At this point, the observer __init__ call created a folder called results right next to this file, and we can load up the metadata just to be sure:

with open(observer.experiment_path / "metadata.json") as fp:
    print(json.load(fp))
{'name': 'aloha', 'max_sequence_length': 5, 'aligned': True, 'fixed_length': True, 'deterministic': True, 'discrete': True, 'fidelity': None, 'alphabet': ['A', 'B', 'C', 'D', 'E', 'F', 'G', 'H', 'I', 'J', 'K', 'L', 'M', 'N', 'O', 'P', 'Q', 'R', 'S', 'T', 'U', 'V', 'W', 'X', 'Y', 'Z'], 'log_transform_recommended': False, 'padding_token': '', 'caller_info': {}, 'seed': None}

Let’s query the objective function at three points, and check whether the results were saved accordingly:

print(f(np.array([list("MIGUE")])))
print(f(np.array([list("FLEAS")])))
print(f(np.array([list("ALOHA")])))
[[0]]
[[1]]
[[5]]

We can verify by loading up and printing the results.txt file:

with open(observer.experiment_path / "results.txt") as fp:
    print(fp.read())
[['M', 'I', 'G', 'U', 'E']]	[[0]]
[['F', 'L', 'E', 'A', 'S']]	[[1]]
[['A', 'L', 'O', 'H', 'A']]	[[5]]

Conclusion#

This small tutorial showcases the logic behind observers, which are the main way in which poli logs results. We saw

  1. the structure of an AbstractObserver, and which abstract methods need to be overwritten.

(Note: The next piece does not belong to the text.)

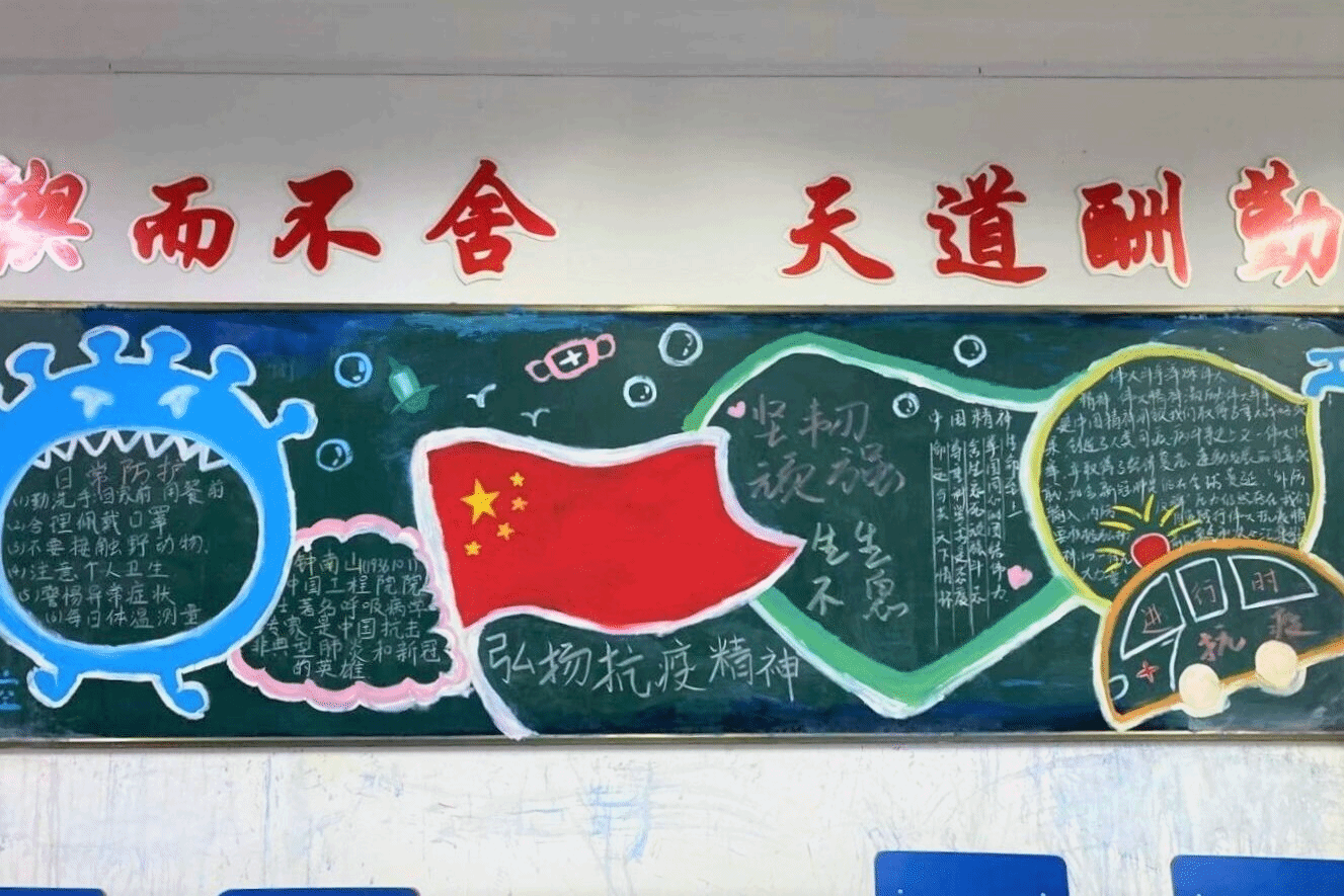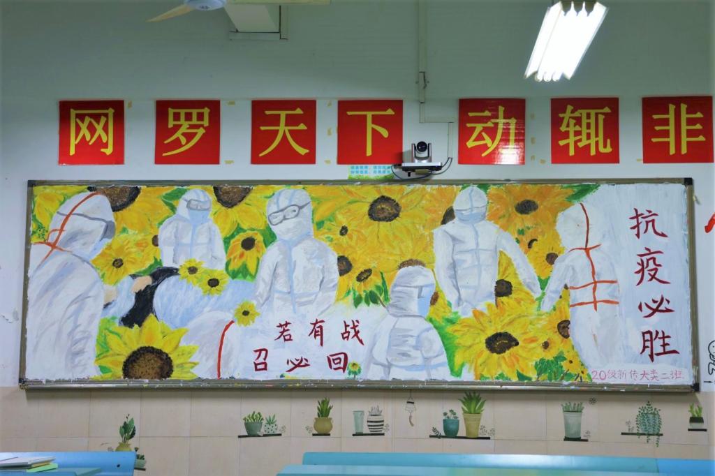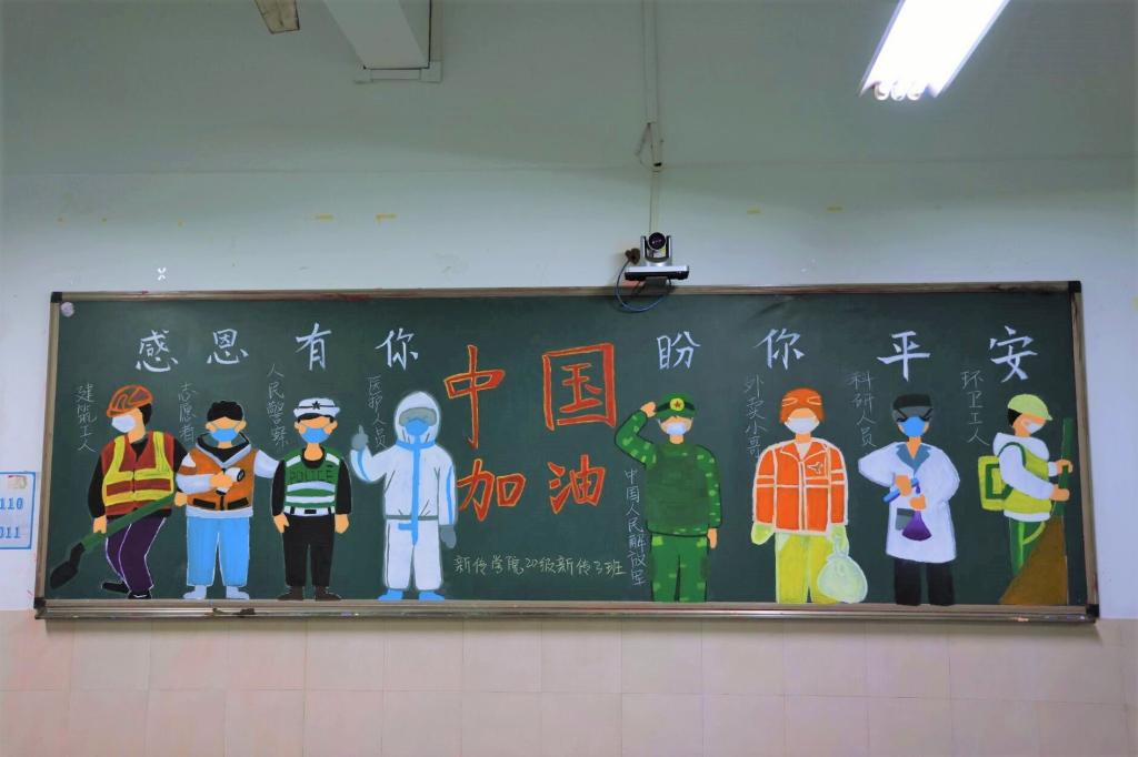 据悉,本次板报围绕三大主题展开:“弘扬伟大抗疫精神”、“纪念中国人民志愿军抗美援朝出国作战70周年”、“学习十九届五中全会精神”。各班需要从三个主题中任选一个主题进行板报制作。各班板报紧扣主题,设计丰富多样,给最初单调的黑板带来了不一样的色彩,充分展现了新传人的青春活力。19级播音与主持艺术班板报“抗击疫情,从我做起”以象征希望的救护车、医生、针管和桃花为背景,主要介绍了疫情传播途径,提供了防范小贴士,提醒同学们对待疫情一定不能松懈。19级摄影班板报“征途”用绘画先声夺人,让评委老师和同学一进门就被“最美逆行者”的人像所吸引。“寒冬终将过去,春暖花会再开。”板报满是同学们对全体逆行者的感谢。20级新闻传播学类3班板报“感恩有你,盼你平安”画出医护人员、外卖小哥、环卫工人等八种典型人物形象,向抗疫人员表达感谢。近期,十九届五中全会召开,学子们积极学习大会精神,并在黑板报上有所体现。20级新闻传播类1班板报“不忘初心,牢记使命”,以红色调为主,绘制了中国地图、天安门等标志性建筑,简单介绍了会议的内容和精神,向同学们提出了建设美丽中国的美好愿望。各班通过不同主题,全方位表达了自己的爱国情怀。

  2. how initialize_observer is called, and

  3. how each query to the objective function is observed.

Tip

If you are interested in using more complex logic for your logging, you can check the examples folder in poli, as they include two observers using mlflow and wandb.

poli is also able to isolate observers, and the examples folder also includes a description of how.